**About this exercise**:
Take every entry below and copy it out word for word.
── Data to use ──
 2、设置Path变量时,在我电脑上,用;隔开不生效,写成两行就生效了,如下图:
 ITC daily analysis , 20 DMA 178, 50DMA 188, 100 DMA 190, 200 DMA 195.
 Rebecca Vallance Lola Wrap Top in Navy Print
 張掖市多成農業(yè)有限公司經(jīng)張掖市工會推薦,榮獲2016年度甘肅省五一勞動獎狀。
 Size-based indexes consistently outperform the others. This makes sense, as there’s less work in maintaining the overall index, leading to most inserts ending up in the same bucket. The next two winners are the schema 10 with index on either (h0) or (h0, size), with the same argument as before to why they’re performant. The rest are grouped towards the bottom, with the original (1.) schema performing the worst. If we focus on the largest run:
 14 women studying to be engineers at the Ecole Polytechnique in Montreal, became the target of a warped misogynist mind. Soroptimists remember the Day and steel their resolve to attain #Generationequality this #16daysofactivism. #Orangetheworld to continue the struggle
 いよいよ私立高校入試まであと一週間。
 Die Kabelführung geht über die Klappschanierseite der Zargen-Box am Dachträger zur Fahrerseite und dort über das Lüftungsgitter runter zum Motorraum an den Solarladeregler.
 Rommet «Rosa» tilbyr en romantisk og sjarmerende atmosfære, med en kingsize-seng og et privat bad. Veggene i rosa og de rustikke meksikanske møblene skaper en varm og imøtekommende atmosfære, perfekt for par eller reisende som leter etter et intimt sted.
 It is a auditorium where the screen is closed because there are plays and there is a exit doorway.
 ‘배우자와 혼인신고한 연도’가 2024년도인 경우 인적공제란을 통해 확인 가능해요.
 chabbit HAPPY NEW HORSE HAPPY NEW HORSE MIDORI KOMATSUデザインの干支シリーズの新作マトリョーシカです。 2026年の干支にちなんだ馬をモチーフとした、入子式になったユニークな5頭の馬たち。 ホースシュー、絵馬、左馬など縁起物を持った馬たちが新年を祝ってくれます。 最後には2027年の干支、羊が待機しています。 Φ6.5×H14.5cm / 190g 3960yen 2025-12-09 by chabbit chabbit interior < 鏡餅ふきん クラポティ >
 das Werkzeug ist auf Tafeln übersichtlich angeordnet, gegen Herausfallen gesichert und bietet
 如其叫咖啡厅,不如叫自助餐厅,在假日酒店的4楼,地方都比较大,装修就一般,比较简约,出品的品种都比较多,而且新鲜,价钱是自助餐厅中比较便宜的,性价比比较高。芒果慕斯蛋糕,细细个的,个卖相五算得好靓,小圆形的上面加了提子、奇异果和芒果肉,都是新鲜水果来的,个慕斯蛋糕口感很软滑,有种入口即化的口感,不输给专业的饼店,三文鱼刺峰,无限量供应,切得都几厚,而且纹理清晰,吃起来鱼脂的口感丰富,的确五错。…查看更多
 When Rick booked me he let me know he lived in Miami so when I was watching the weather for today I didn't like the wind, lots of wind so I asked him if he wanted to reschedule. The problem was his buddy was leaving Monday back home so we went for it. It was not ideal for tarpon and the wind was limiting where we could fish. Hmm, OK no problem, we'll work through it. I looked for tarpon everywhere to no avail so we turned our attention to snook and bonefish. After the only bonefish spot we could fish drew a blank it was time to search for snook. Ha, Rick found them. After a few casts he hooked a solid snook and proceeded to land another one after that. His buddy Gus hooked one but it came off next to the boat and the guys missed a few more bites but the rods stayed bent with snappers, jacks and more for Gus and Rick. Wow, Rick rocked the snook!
───
**Output for this task**:
 2、设置Path变量时,在我电脑上,用;隔开不生效,写成两行就生效了,如下图:
 ITC daily analysis , 20 DMA 178, 50DMA 188, 100 DMA 190, 200 DMA 195.
 Rebecca Vallance Lola Wrap Top in Navy Print
 張掖市多成農業(yè)有限公司經(jīng)張掖市工會推薦,榮獲2016年度甘肅省五一勞動獎狀。
 Size-based indexes consistently outperform the others. This makes sense, as there’s less work in maintaining the overall index, leading to most inserts ending up in the same bucket. The next two winners are the schema 10 with index on either (h0) or (h0, size), with the same argument as before to why they’re performant. The rest are grouped towards the bottom, with the original (1.) schema performing the worst. If we focus on the largest run:
 14 women studying to be engineers at the Ecole Polytechnique in Montreal, became the target of a warped misogynist mind. Soroptimists remember the Day and steel their resolve to attain #Generationequality this #16daysofactivism. #Orangetheworld to continue the struggle
 いよいよ私立高校入試まであと一週間。
 Die Kabelführung geht über die Klappschanierseite der Zargen-Box am Dachträger zur Fahrerseite und dort über das Lüftungsgitter runter zum Motorraum an den Solarladeregler.
 Rommet «Rosa» tilbyr en romantisk og sjarmerende atmosfære, med en kingsize-seng og et privat bad. Veggene i rosa og de rustikke meksikanske møblene skaper en varm og imøtekommende atmosfære, perfekt for par eller reisende som leter etter et intimt sted.
 It is a auditorium where the screen is closed because there are plays and there is a exit doorway.
 ‘배우자와 혼인신고한 연도’가 2024년도인 경우 인적공제란을 통해 확인 가능해요.
 chabbit HAPPY NEW HORSE HAPPY NEW HORSE MIDORI KOMATSUデザインの干支シリーズの新作マトリョーシカです。 2026年の干支にちなんだ馬をモチーフとした、入子式になったユニークな5頭の馬たち。 ホースシュー、絵馬、左馬など縁起物を持った馬たちが新年を祝ってくれます。 最後には2027年の干支、羊が待機しています。 Φ6.5×H14.5cm / 190g 3960yen 2025-12-09 by chabbit chabbit interior < 鏡餅ふきん クラポティ >
 das Werkzeug ist auf Tafeln übersichtlich angeordnet, gegen Herausfallen gesichert und bietet
 如其叫咖啡厅,不如叫自助餐厅,在假日酒店的4楼,地方都比较大,装修就一般,比较简约,出品的品种都比较多,而且新鲜,价钱是自助餐厅中比较便宜的,性价比比较高。芒果慕斯蛋糕,细细个的,个卖相五算得好靓,小圆形的上面加了提子、奇异果和芒果肉,都是新鲜水果来的,个慕斯蛋糕口感很软滑,有种入口即化的口感,不输给专业的饼店,三文鱼刺峰,无限量供应,切得都几厚,而且纹理清晰,吃起来鱼脂的口感丰富,的确五错。…查看更多
 When Rick booked me he let me know he lived in Miami so when I was watching the weather for today I didn't like the wind, lots of wind so I asked him if he wanted to reschedule. The problem was his buddy was leaving Monday back home so we went for it. It was not ideal for tarpon and the wind was limiting where we could fish. Hmm, OK no problem, we'll work through it. I looked for tarpon everywhere to no avail so we turned our attention to snook and bonefish. After the only bonefish spot we could fish drew a blank it was time to search for snook. Ha, Rick found them. After a few casts he hooked a solid snook and proceeded to land another one after that. His buddy Gus hooked one but it came off next to the boat and the guys missed a few more bites but the rods stayed bent with snappers, jacks and more for Gus and Rick. Wow, Rick rocked the snook!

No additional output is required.